Mnuchin said in an interview with CNBC that the talks he and U.S. Trade Representative Robert Lighthizer led in Washington last week with Chinese Vice Premier Liu He were "very productive". And even if they end up benefiting exporters in other countries, they also risk setting off a damaging sequence of negative effects around the world.
Countries that are expected to benefit the most from the trade war are European Union members; the United Nations study indicates that exports in the bloc are likely to grow by $70 billion. The confrontation quickly escalated, and in September 2018 the United States imposed 10% tariffs covering about $200 billion of Chinese imports, to which China retaliated by imposing tariffs on imports from the United States worth an additional $60 billion.
Trump said he has great respect for Chinese President Xi Jinping and his administration was working on a new trade deal with China.
The IIF study also found that the tariffs had done little to reduce the USA bilateral deficit with China, amid retaliatory duties from Beijing and "a large reduction in China's imports from the U.S".
"The implications for the entire worldwide trading system will be significantly negative".

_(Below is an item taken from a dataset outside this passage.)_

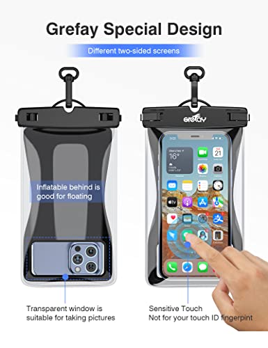[Pratico Multi-Scena] Borsa impermeabile galleggiante Grefay per telefono cellulare, disponibile ovunque. Puoi goderti tutte le attività all'aperto come snorkeling, kayak, canottaggio, nuoto, beach volley, surf e sci e può essere utilizzato anche in bagno, cucina e altre case. Suggerimenti: alcuni modelli si adattano al non-shell, alcuni modelli si adattano alla custodia sottile e alla custodia spessa.
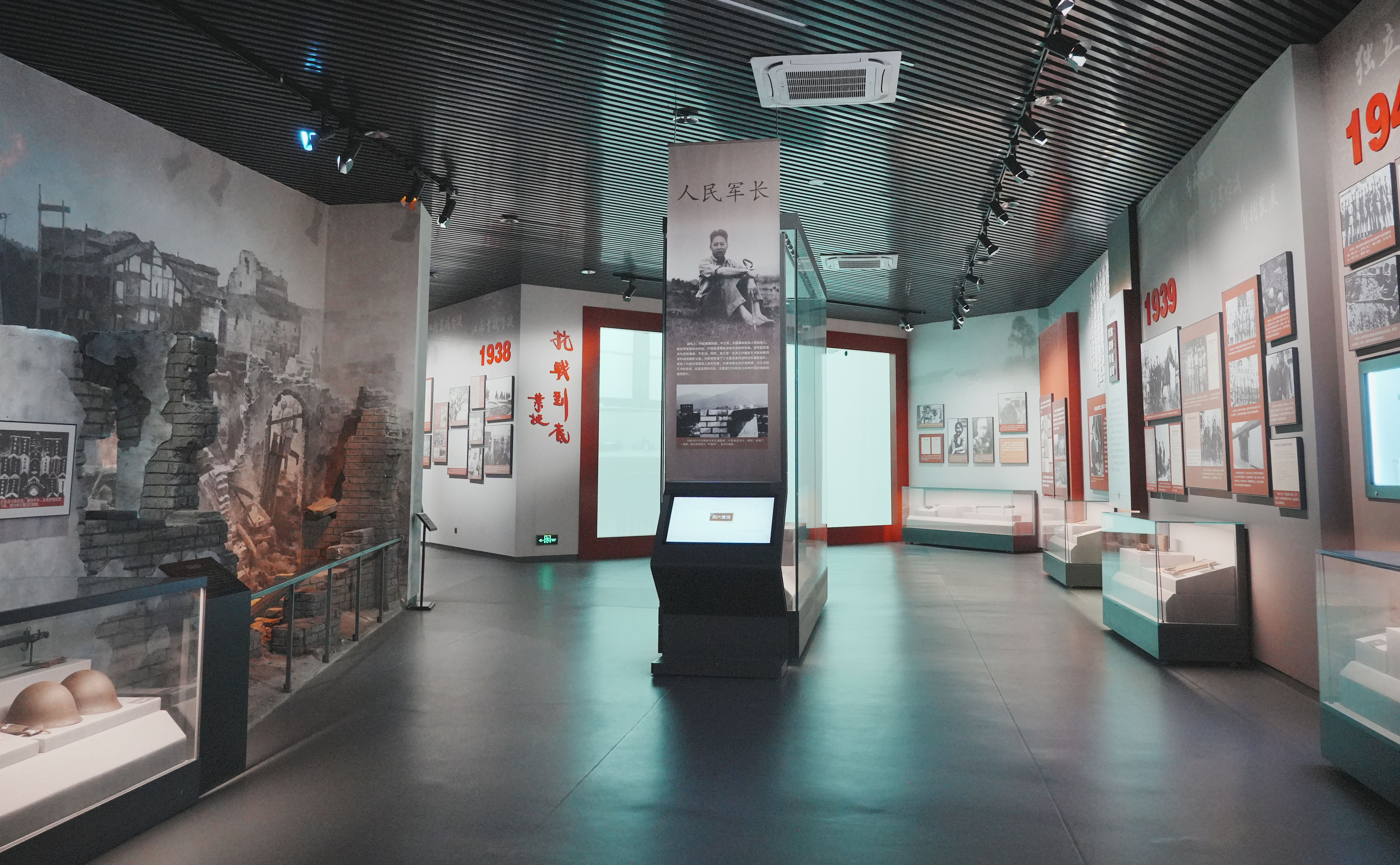第三部分采用了場(chǎng)景實(shí)景嵌入展版(醴陵)、步入式場(chǎng)景結(jié)合紗曼畫面(賀勝橋)、多媒體結(jié)合版面以及油畫輔助版面(陳可鈺報(bào)告)、展品獨(dú)立展位(手槍)、展品還原(盾牌)等方式反復(fù)渲染。

In a news conference, Coke-Hamilton quoted former U.S. Secretary of State Cordell Hull, who compared protective tariffs to "a gun that recoils on ourselves".
Bilateral talks have centered on addressing US demands for deep structural changes to China's economic and trade policies, including new protections for USA intellectual property, ending forced technology transfers, reining in China's subsidies for state industries and increasing Chinese purchases of US farm, energy and manufactured products.
In a report, the U.N. Conference on Trade and Development (UNCTAD) examined the repercussions of the tariff tit-for-tat already under way between the two trade giants, as well as the expected impact of a significant tariff hike scheduled to take effect on March 1.
The higher cost of US-China trade would prompt companies to shift away from current east Asian supply chains, but report suggests it's unlikely that US firms would pick up that business. The closest Trump came to a tech industry issue, however, was the US trade war with China.
Although these figures don't represent a large slice of global trade - which was worth about $17 trillion in 2017 - for many countries they make up a substantial share of exports.
The ongoing trade tensions initially came to a head in early 2018 when China and the United States imposed tariffs on about $50 billion of each other's goods. Japan, Mexico and Canada will each capture more than $20 billion.
"One major concern is the risk that trade tensions could spiral into currency wars, making dollar-denominated debt more hard to service", the report adds. Tariffs on American soybeans prompted Chinese importers to switch to Brazilian suppliers past year.